About this exercise:
In the data below, find the line with "Kromat underrede med" and the line with "We served our", then restate both and every line between them exactly, minus the pictures.
[Data section]
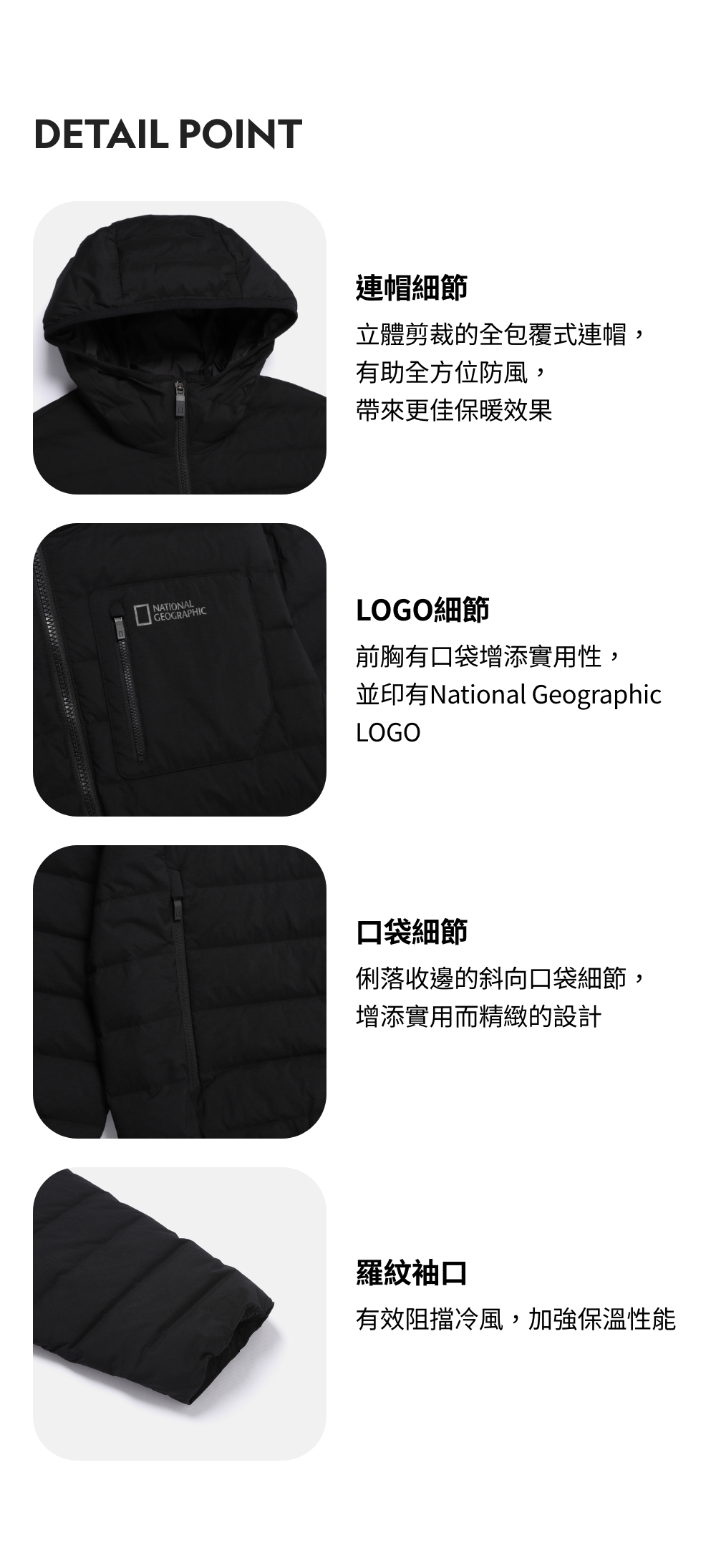 立體剪裁的全包覆式連帽,有助全方位防風,帶來更佳保暖效果
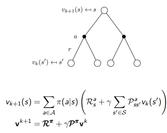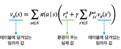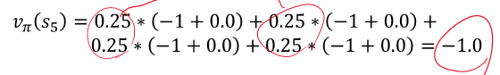 그리드 월드에서 4방향을 다 갈 수 있다고 하면 4방향의 테이블의 가치v가 확률 p에 곱해지고(그리드 월드라면 보통 1이다.), 감쇠인자에 곱해져서 보상과 더한 뒤 또 4방향이므로 정책의 0.25를 곱해서 나오게 된다.
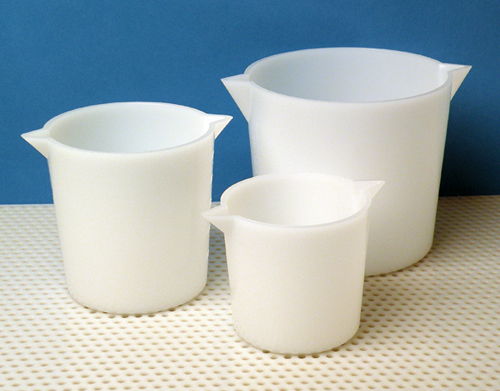 Molded of FDA Approved high density polyethylene resin. These heavy walled graduated beakers are slightly tapered to allow nesting.
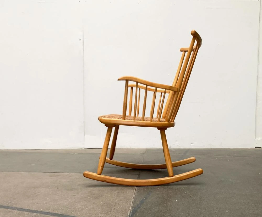 Mid Century rocking chair of WK-Möbel according to a design by Arno Lambrecht from the 1950s.
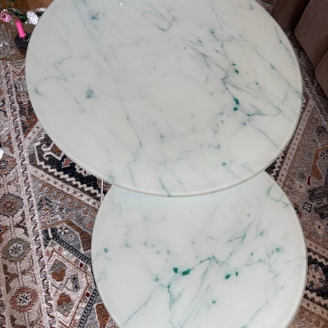 Kromat underrede med glasskiva som liknar marmor.
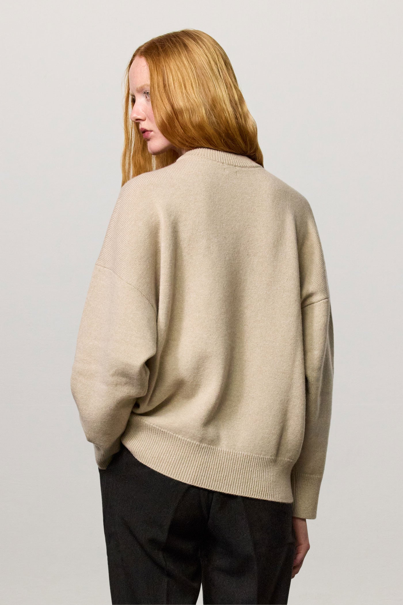 Crew-neck sweater in plain knit with an oversized fit, dropped shoulders and flat ribbed trims. Crafted from two-ply combed cashmere. Made in Italy.
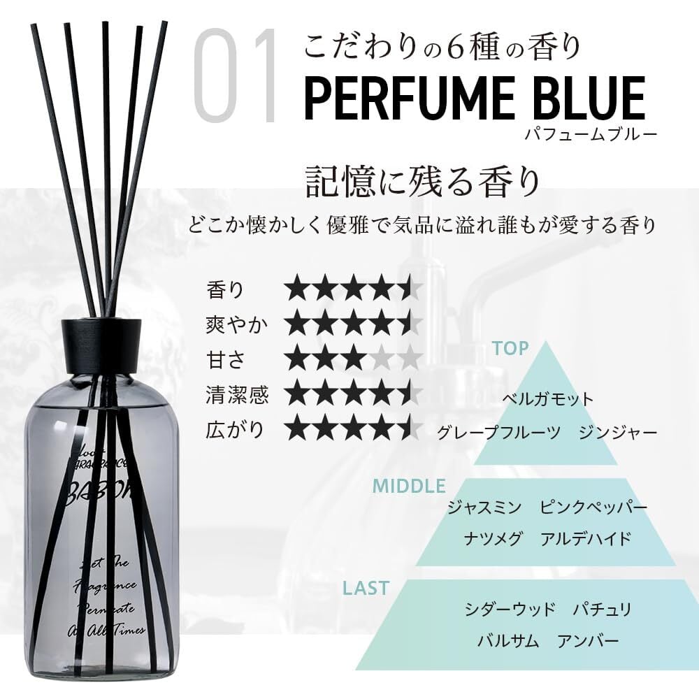 プルプラ ZABON リードディフューザー ルームフレグランス 1000ml 大容量 約12ヶ月分 芳香剤 香りのサンプル付 スティック20本付き (パフュームブルー)
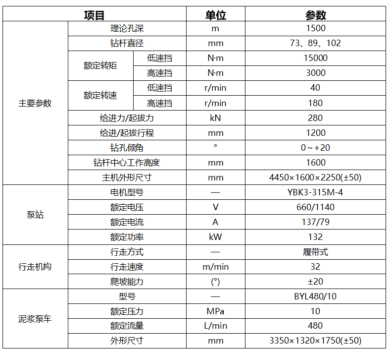 2、采用大功率主机,动力头转矩大、给进机构起拔力大,大大提高了在施工过程中处理抱钻、卡钻等事故的能力;
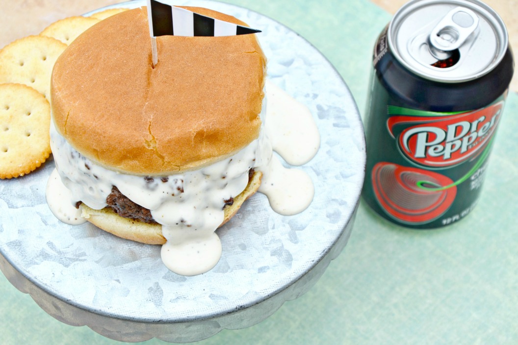 We served our burgers with RITZ crackers and Dr Pepper Cherry for the ultimate football kickoff party.
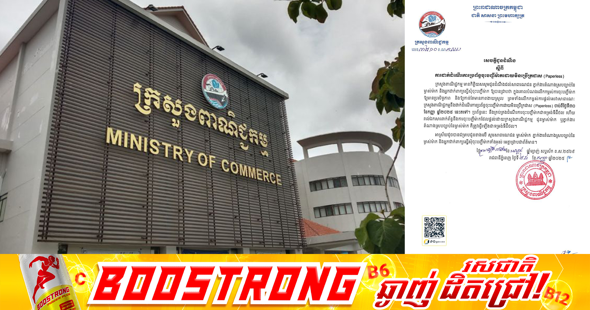 (ភ្នំពេញ)៖ ក្រសួងពាណិជ្ជកម្មនឹងដាក់ដំណើរការប្រព័ន្ធចុះបញ្ជីម៉ាកដោយមិនប្រើក្រដាស ដើម្បីលើកកម្ពស់ការចុះបញ្ជីម៉ាក ឱ្យមានប្រសិទ្ធភាព និងឱ្យកាន់តែមានភាពងាយស្រួល ព្រមទាំងលើកកម្ពស់ការផ្តល់សេវាសាធារណៈ។ នេះបើយោងតាមសេចក្តីជូនដំណឹងរបស់ក្រសួងពាណិជ្ជកម្ម។ ការដាក់ដំណើរការប្រព័ន្ធចុះបញ្ជីម៉ាកដោយមិនប្រើក្រដាស (Paperless) នឹងផ្តើមចាប់ពីថ្ងៃទី៣០ ខែកញ្ញា ឆ្នាំ២០២៥ នេះតទៅ។ ប្រព័ន្ធនេះ នឹងគ្រប់គ្រងដំណើរការចុះបញ្ជីម៉ាកជាទម្រង់ឌីជីថល ហើយ រាល់ឯកសារពាក់ព័ន្ធនឹងការចុះបញ្ជីម៉ាកដែលផ្តល់ដោយក្រសួងពាណិជ្ជកម្ម ជូនម្ចាស់ម៉ាក ឬភ្នាក់ងារ តំណាងស្របច្បាប់នៃម្ចាស់ម៉ាក គឺត្រូវធ្វើឡើងជាទម្រង់ឌីជីថល៕ ផ្ដល់សិទ្ធិដោយ៖ Freshnews
[/Data section]
Exercise output:
 Kromat underrede med glasskiva som liknar marmor.
 Crew-neck sweater in plain knit with an oversized fit, dropped shoulders and flat ribbed trims. Crafted from two-ply combed cashmere. Made in Italy.
 プルプラ ZABON リードディフューザー ルームフレグランス 1000ml 大容量 約12ヶ月分 芳香剤 香りのサンプル付 スティック20本付き (パフュームブルー)
 2、采用大功率主机,动力头转矩大、给进机构起拔力大,大大提高了在施工过程中处理抱钻、卡钻等事故的能力;
 We served our burgers with RITZ crackers and Dr Pepper Cherry for the ultimate football kickoff party.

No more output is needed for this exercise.